The following is a key statement from BlackRock’s guidance:

Climate risk awareness and engagement has advanced over the past several years and just as our thinking on climate risk continues to evolve, we believe that companies are also increasingly more aware of its business relevance. Climate risk will be one of the key engagement themes that the Investment Stewardship team will prioritize in 2017 and the team’s recent work on this issue and its engagement and contributions to external initiatives such as the TCFD will inform our assessment of shareholder proposals on the topic. Over the course of 2017 we intend to engage companies most exposed to climate risk to understand their views on the recommendations from the TCFD and to encourage such companies to consider reporting against those recommendations in due course. For directors of companies in sectors that are significantly exposed to climate risk, the expectation will be for the whole board to have demonstrable fluency in how climate risk affects the business and management’s approach to adapting and mitigating the risk. Assessments will be made both through corporate disclosures and direct engagement with independent board members, if necessary.

State Street’s guidelines offer the following:

[I]n 2017 we will be increasingly focused on board oversight of environmental and social sustainability in areas such as climate change, water management, supply chain management, safety issues, workplace diversity and talent development, some or all of which may impact long-term value. While none of us can state definitively “the answer” for a particular company, and we acknowledge that certain industries will face different issues, we believe that over time these areas can pose both risks to and opportunities for long-term returns. Therefore, as stewards we are convinced that addressing ESG issues is a good business practice and must be part of effective board leadership and oversight of long-term strategy.

To help investors better understand how companies are addressing climate risks, the TCFD report suggests four categories of recommended disclosures:

  1. Disclose the organization’s governance around climate-related risks and opportunities;
  2. Disclose the actual and potential impacts of climate-related risks and opportunities on the organization’s businesses, strategy, and financial planning;
  3. Disclose how the organization identifies, assesses, and manages climate-related risks; and
  4. Disclose the metrics and targets used to assess and manage relevant climate-related risks and opportunities.
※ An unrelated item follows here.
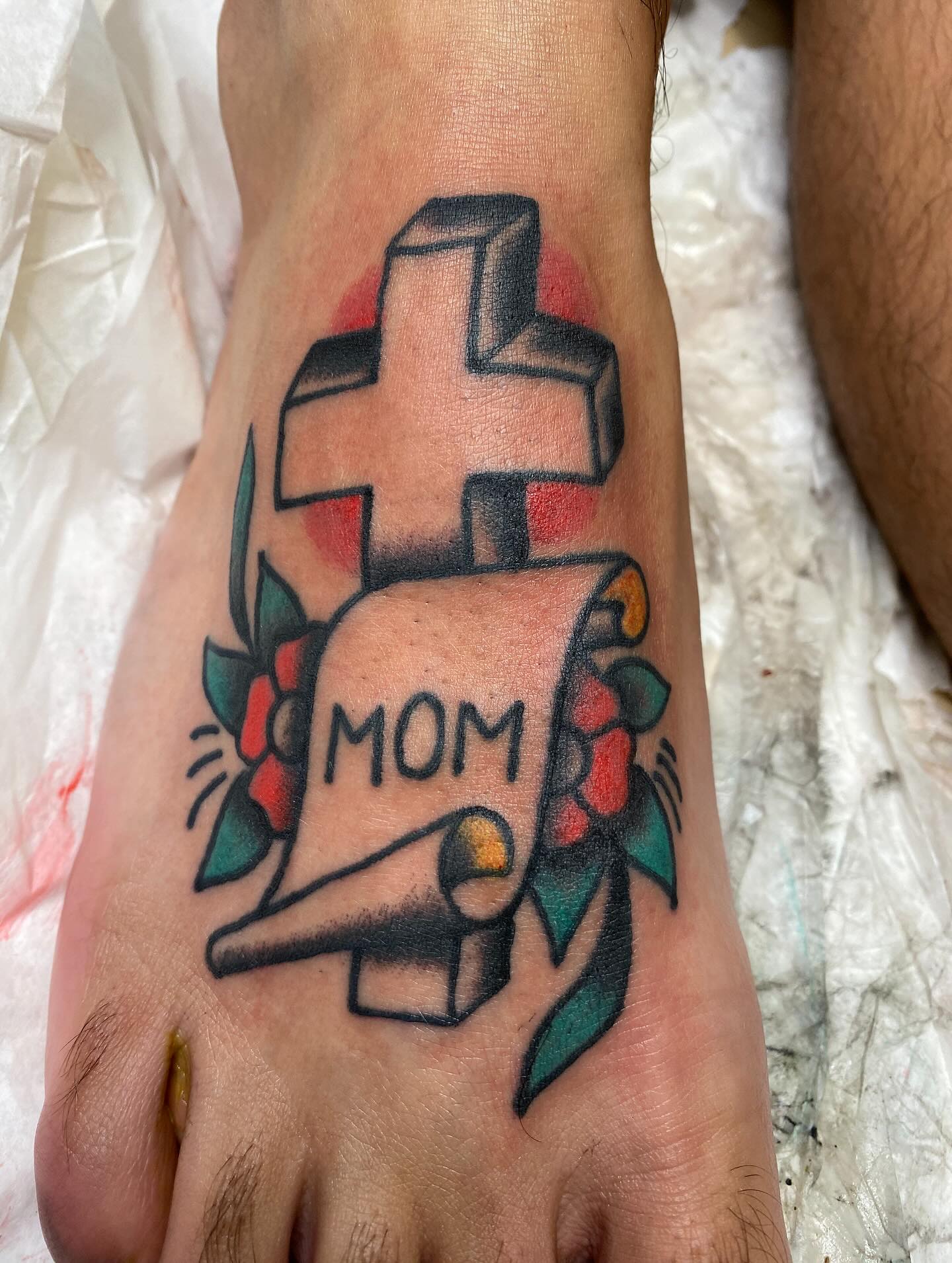 Bold and colorful, this tattoo features a traditional cross with a scroll bearing the word “MOM,” surrounded by vibrant flowers. Placed on the foot, it symbolizes faith, remembrance, and eternal love for one’s mother.

The TCFD’s recommended disclosures inform State Street’s analytical framework for evaluating the degree to which company boards are adequately addressing climate and sustainability in company strategies.   The State Street framework reviews and categorizes a company’s approach to sustainability according to three criteria:

  1. Has the company identified material environmental and social sustainability issues relevant to its business?
  2. Has the company assessed and, where necessary, incorporated the implications of relevant environmental and social sustainability issues into the company’s long term strategy?
  3. Has the company adequately communicated its approach to sustainability issues and its influence on strategy?

State Street then classifies companies into three tiers — Tier One companies have satisfied all three criteria, Tier Two companies have satisfied one or two of the criteria, and Tier Three companies have not satisfied any of the criteria.  State Street will focus its active stewardship engagement on Tier Three companies and incorporate its assessment of company progress in proxy voting decisions.

While it is unlikely that the Securities and Exchange Commission will adopt any new climate risk or carbon disclosure rules during the Trump Administration, it appears that there may be growing demands by institutional investors for greater climate risk and carbon disclosure and active strategic management of these issues.   CEOs, CFOs and board members should be prepared to address these subjects in their investor relations activities.